Within the limitations of the present study, such as the usage of an immortalized cancer cell line that only represents non-keratinized parts of the oral cavity, we demonstrated that the size and surface functionalization of NPs significantly modulate the interactions with saliva, more specifically their colloidal stability and mobility. Functionalized particles interacted with the salivary components to a greater extent than their uncharged counterparts, and NP size strongly impacted the uptake into TR146 cells.

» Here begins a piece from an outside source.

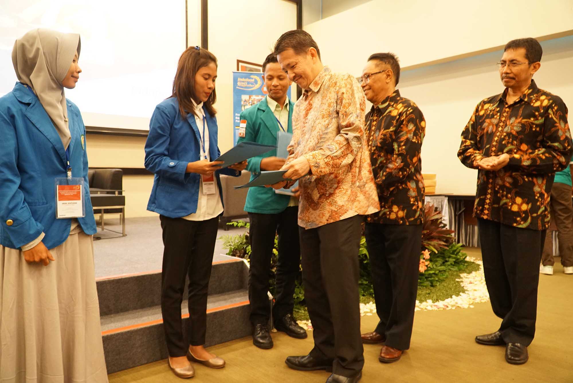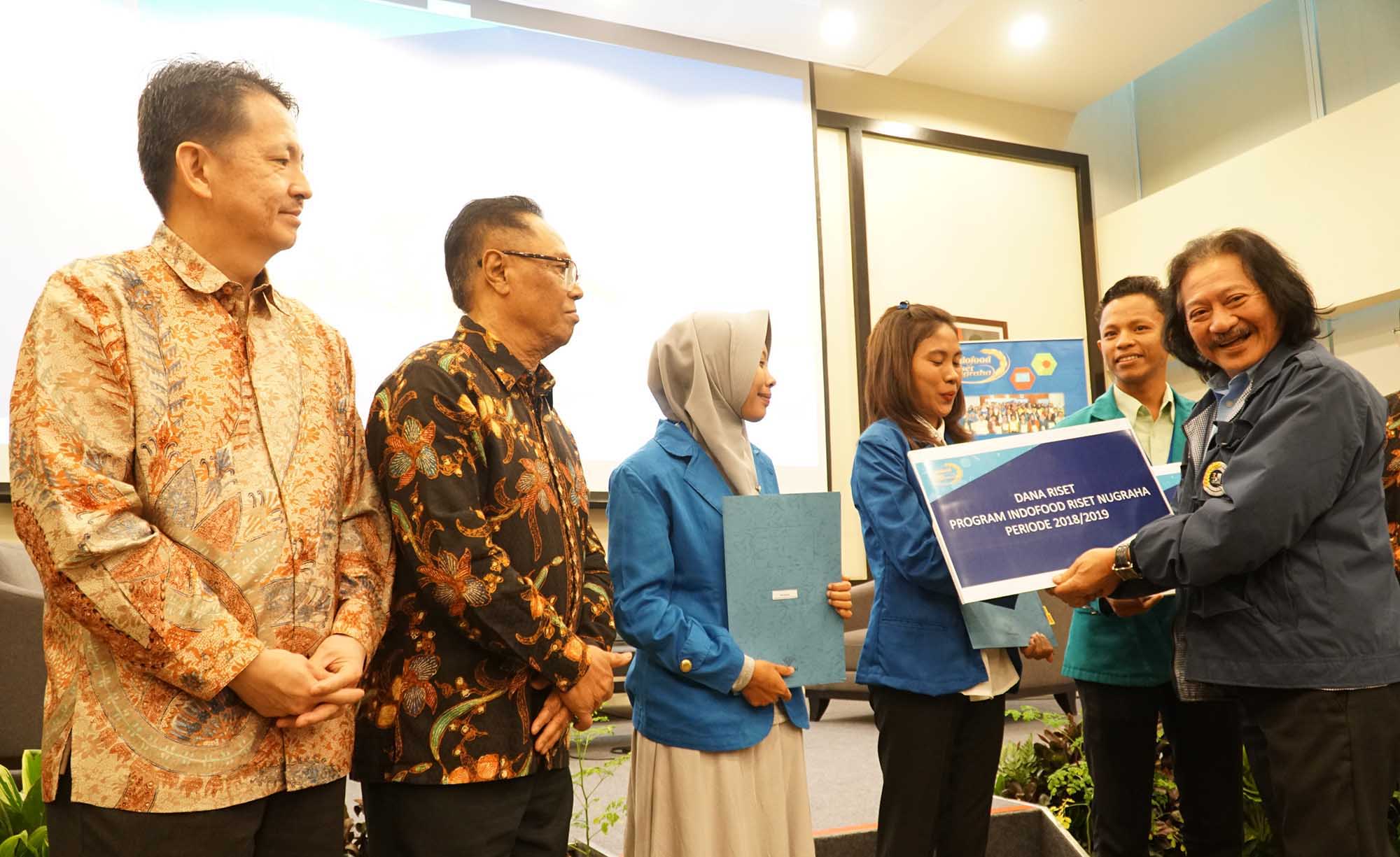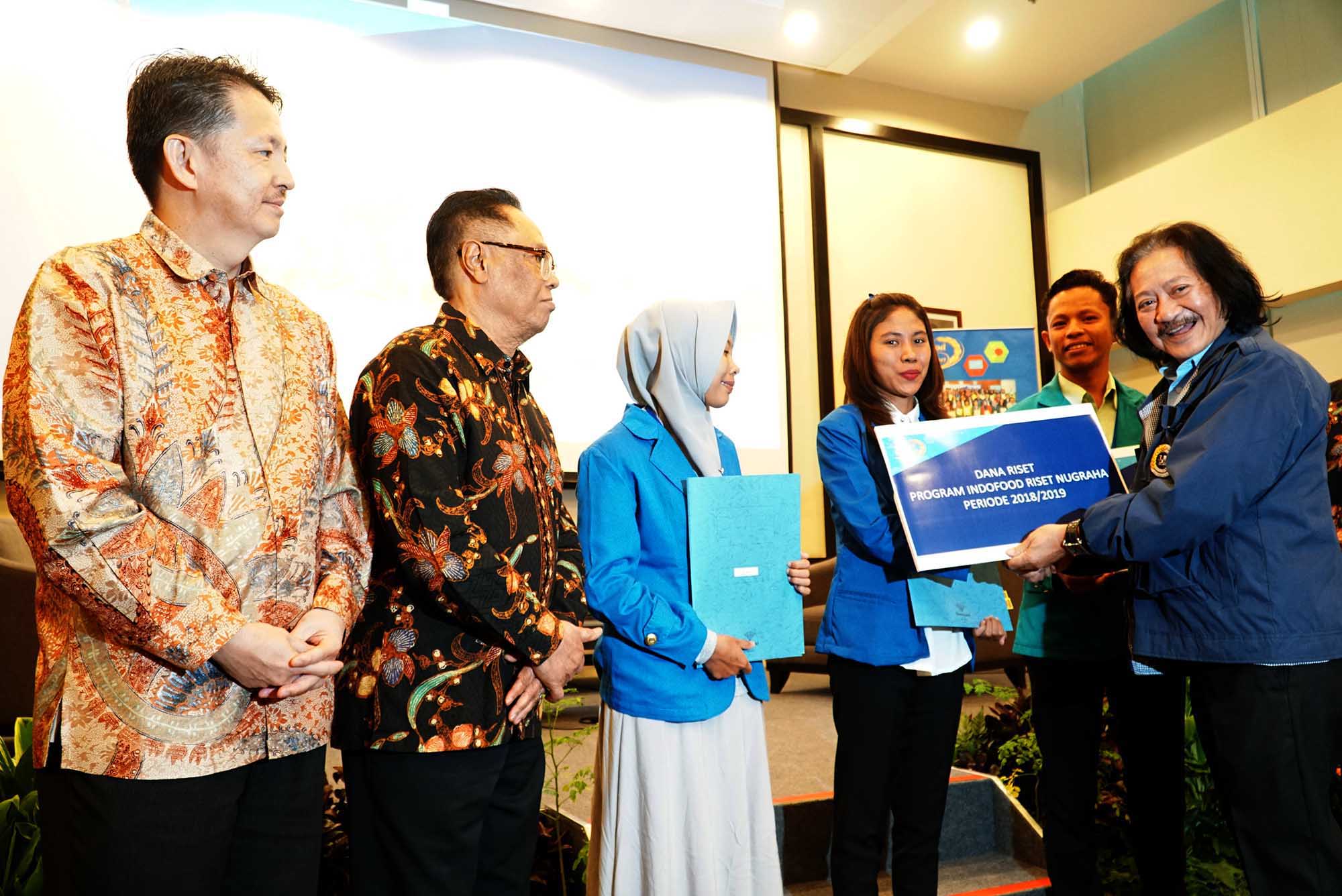 Direktur PT Indofood Sukses Makmur Tbk, Suaimi Suriady disaksikan Ketua Tim Pakar periode 1998-2018 dan Prof. Dr. Ir. Purwiyatno Hariyadi, Msc, memberikan secara simbolis bantuan dana riset program Indofood Riset Nugraha (IRN) 2018-2019 kepada perwakilan mahasiswa/I disela seminar dan bedah buku di Jakarta, Kamis (6/9). Dalam kesempatan yang sama Tiga buah buku mengenai pangan dan gizi karya Prof. Dr. Ir FG Winarno, Mc dibedah. AKTUAL/Eko S Hilman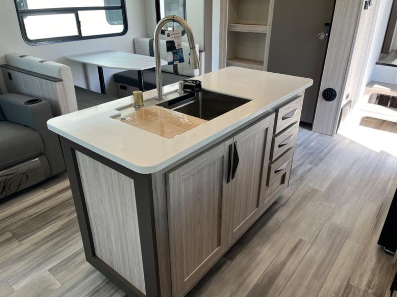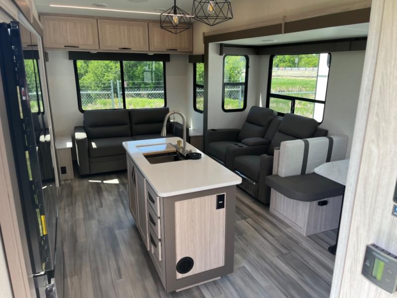 Every one of these Cruiser Essence fifth wheels offer an unrivaled experience on the road! Their sturdy construction consists of Azdel Onboard composite panels, a five-sided aluminum super structure, and tongue and groove plywood throughout, plus a painted fiberglass front cap that will turn heads at the campsite. Their interiors have a keen sense of comfort and convenience with features like a residential workstation sink with waterfall faucet, an air fryer oven, and solid surface kitchen countertops. You will enjoy having hot water quick for your shower in the upgraded shower surround thanks to the on demand water heater. The tinted G20 windows give you privacy from the outdoors while offering you a view of your beautiful scenery. Get your hands on one today!

Thus, translating this knowledge into pharmaceutical formulation and focusing on application forms that do not require to remove saliva from the mucus surface or liquefy saliva temporarily mean that 200 nm non-functionalized NPs act as suitable carriers to deliver innovative drug candidates to the non-keratinized mucosa. Moreover, this work provides useful information regarding the relationship between biological barriers and NPs, which will help to properly discuss possible changes under inflamed conditions in future studies in order to improve treatment strategies [44, 45].